As a explanation i am grouping the commata and basicly replace every ,[ayqg], with ,X, by backreferencing the commata
You would look for word boundaries, which is \b, and which is unfortunately not supported by Oracle's regexp_replace.
So let's look for a non-word character \W or the beginning ^ or ending $ of the text.
select
regexp_replace('a,ca,va,ea,r,y,q,b,g','(^|$|\W)(a|y|q|g)(^|$|\W)','\1X\3') as result
from dual;
In order to not remove the non-word characters, we must have them in the replace string: \1 for the expression in the first parenteses, \3 for the ones in the third. Thus we only change the expression in the second parentheses, which is a, y, q or g, with X.
Unfortunately above gives
X,ca,va,ea,r,X,q,b,X
The q was not replaced, because we recognize ',y,' thus being positioned a 'g,' whereas we'd need to be positioned at ',g,' to recognize g as a word, too.

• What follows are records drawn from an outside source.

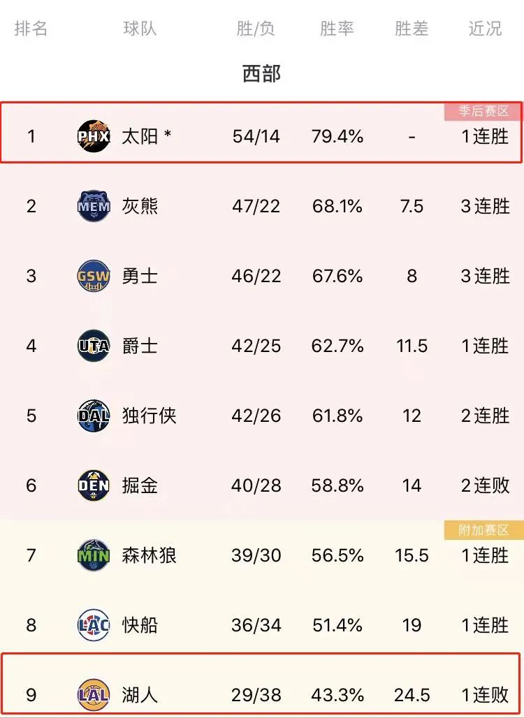 常規賽最後一個月,人家太陽提前16場鎖定季後賽,高居聯盟第一領先第二名7.5個勝場,最後大概率會以聯盟第一的戰績結束本賽季。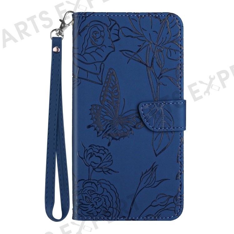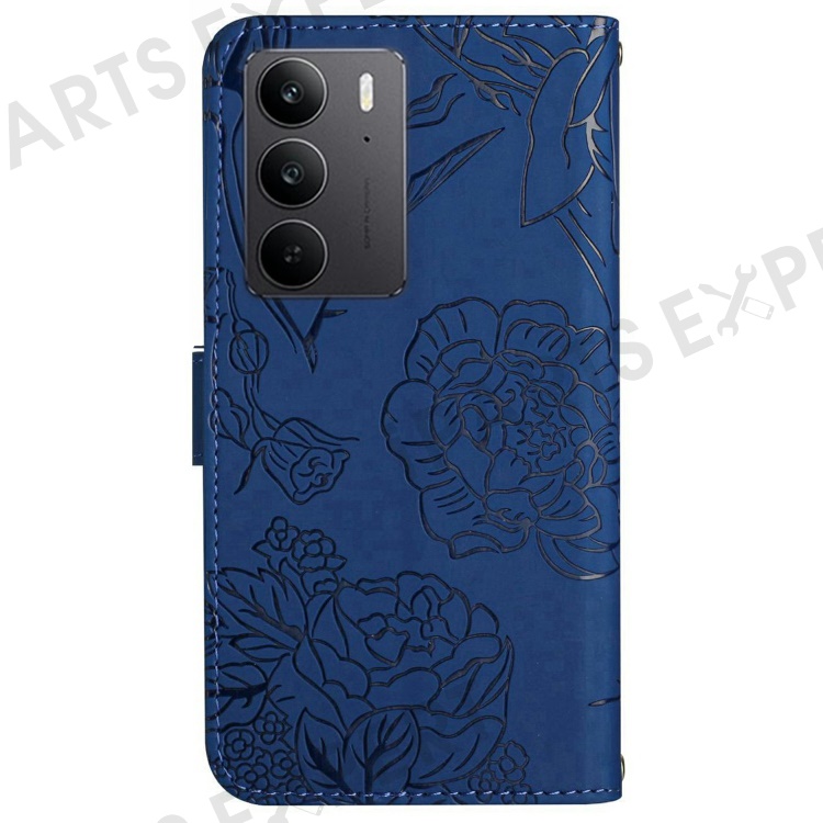 For Realme C75 4G Case Leather Phone Cover with Strap, Butterfly Flower Imprint - Blue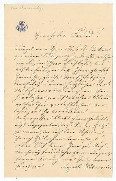 1 S. auf gefalt. Doppelblatt. 8vo. An den Schauspieler Josef Lewinsky (1835-1907): "Längst war Ihnen dies Andenken von einer Collegin zugedacht, welche von Beginn Ihrer Laufbahn, bis auf den heutigen Tag Ihnen gleiches Interesse, gleiche Wertschätzung bewahrte; deren herzlichen Dank Sie sich erwarben durch manchen herrlichen genussreichen Abend welchen Ihre vortrefflichen Vorlesungen ihr bereiteten. Unvergessen bleibt ihrem Gedächtnis eingegraben, daß Sie der Einzige waren, der auch beim Scheiden, ihr noch Theilnahme bewiesen! Dies Buch diene Ihnen zur Aufbewahrung freundlicher Erinnerungen, gönnen Sie auch mir Theil daran zu nehmen […]". - Die Tochter des Schauspielers Heinrich Anschütz erhielt ihre Ausbildung bei ihrem Vater und spielte bereits 1831-35 Kinderrollen am Wiener Burgtheater, wo sie schließlich als jugendliche Liebhaberin auftrat. 1836-37 war Koberwein am Stadttheater von Leipzig engagiert, wirkte 1837 am Hoftheater in Dresden und gehörte dann bis 1871 zum Ensemble des Wiener Burgtheaters. - Auf Briefpapier mit gedr. Monogramm.

So we need to replace in iterations (i.e. recursively):
with results(txt, num) as
(
select 'a,ca,va,ea,r,y,q,b,g' as txt, 0 as num from dual
union all
select regexp_replace(txt, '(^|$|\W)(a|y|q|g)(^|$|\W)','\1X\3'), num + 1 as num
from results
where txt <> regexp_replace(txt, '(^|$|\W)(a|y|q|g)(^|$|\W)','\1X\3')
)
select max(txt) keep (dense_rank last order by num) as result
from results;
EDIT: Kevin Esche is right; of course one has to do it only twice. Hence you can also do:
select
regexp_replace(txt, search_str, replace_str) as result
from
(
select
regexp_replace(txt, search_str, replace_str) as txt, search_str, replace_str
from
(
select
'a,ca,va,ea,r,y,q,y,q,b,g' as txt,
'(^|$|\W)(a|y|q|g)(^|$|\W)' as search_str,
'\1X\3' as replace_str
from dual
)
);
with replaced_values as (
SELECT case when length(val)=1 then regexp_replace(val,'(a|y|q|g)','X') else val end new_val, lvl
from (
SELECT regexp_substr('a,ca,va,ea,r,y,q,b,g','[^,]+', 1, LEVEL) val, level lvl FROM dual
connect by regexp_substr('a,ca,va,ea,r,y,q,b,g','[^,]+',1, LEVEL) is not null
) all_values
)
select lISTAGG(new_val, ',') WITHIN GROUP (ORDER BY lvl) RESULT
from replaced_values
This statement pivots data into rows and replaces only lines wich contains one character.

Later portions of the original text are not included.